• Task requirements: Could the listing be repeated exactly, with every picture dropped?

• Data extract:
□ □ □ □

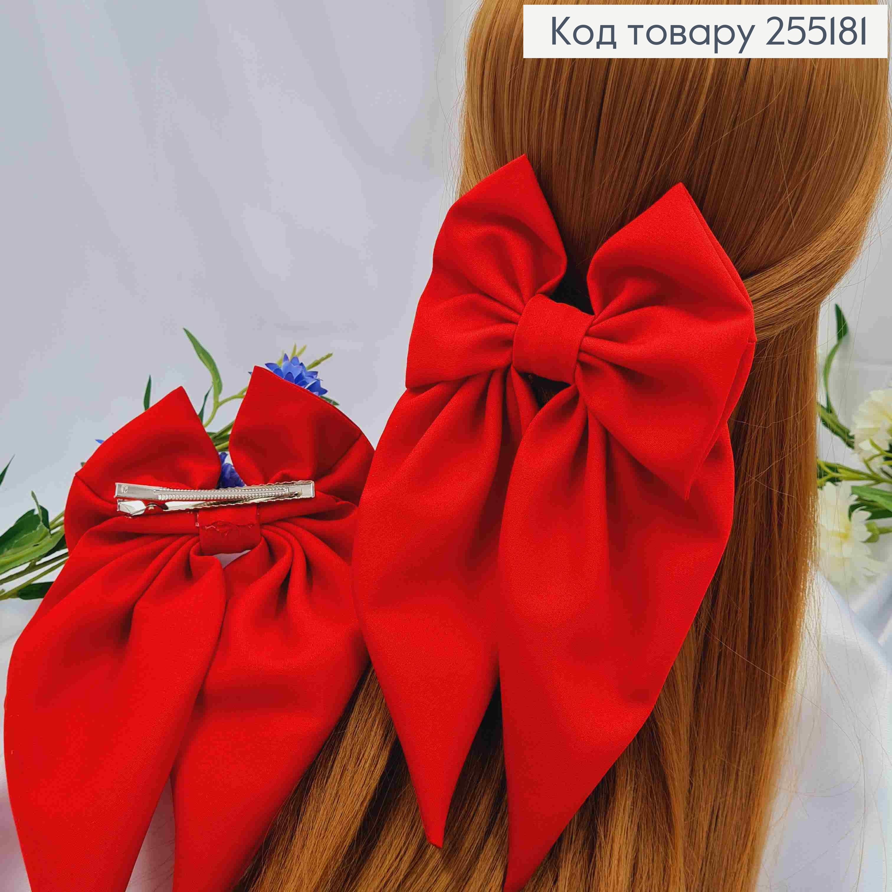 Заколка (7,5см) БАНТ КРАСНОГО цвета, ткань креп, размер 13*25см, Украина.
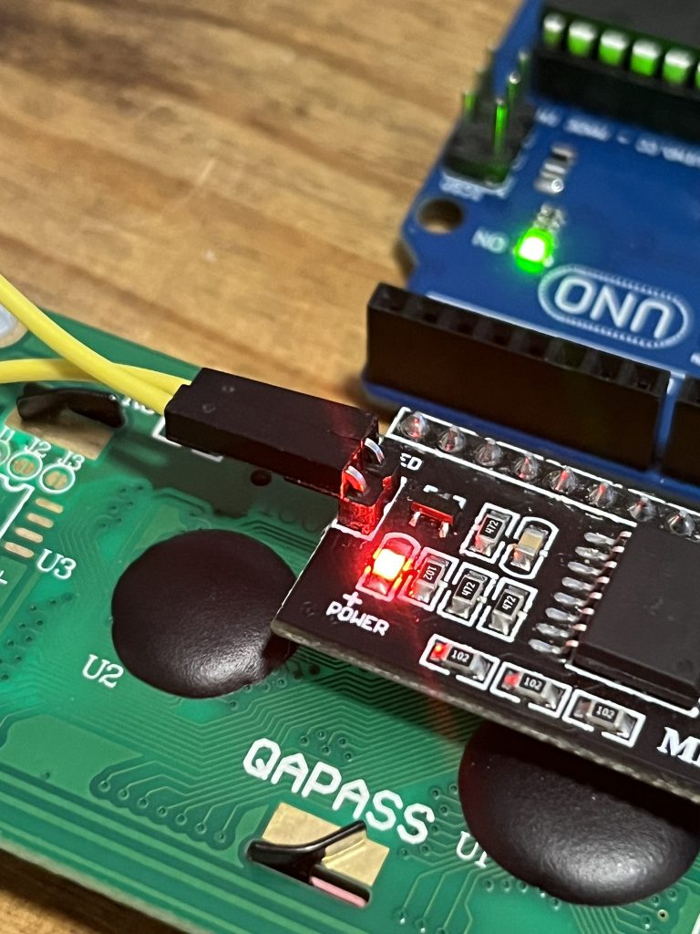 El display desplegaba los mensajes. Sólo tuve que ajustar el brillo y habilitar la luz de fondo de la pantalla (un cable a modo de jumper).
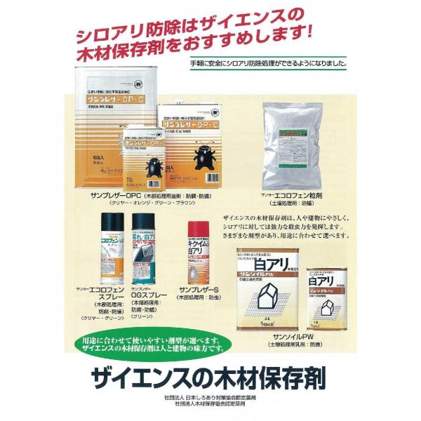 速効性・持続性に優れた防腐・防蟻剤です。木材表面に塗布又は吹き付けすることにより、シロアリなどの予防・駆除及び腐れに優れた効果を発揮します。木材に対し強い浸透性があり、長期間効力が持続します。色:オレンジ クリヤー グリーン ブラウン

□ □ □ □

• Exercise output:
 Заколка (7,5см) БАНТ КРАСНОГО цвета, ткань креп, размер 13*25см, Украина.
 El display desplegaba los mensajes. Sólo tuve que ajustar el brillo y habilitar la luz de fondo de la pantalla (un cable a modo de jumper).
 速効性・持続性に優れた防腐・防蟻剤です。木材表面に塗布又は吹き付けすることにより、シロアリなどの予防・駆除及び腐れに優れた効果を発揮します。木材に対し強い浸透性があり、長期間効力が持続します。色:オレンジ クリヤー グリーン ブラウン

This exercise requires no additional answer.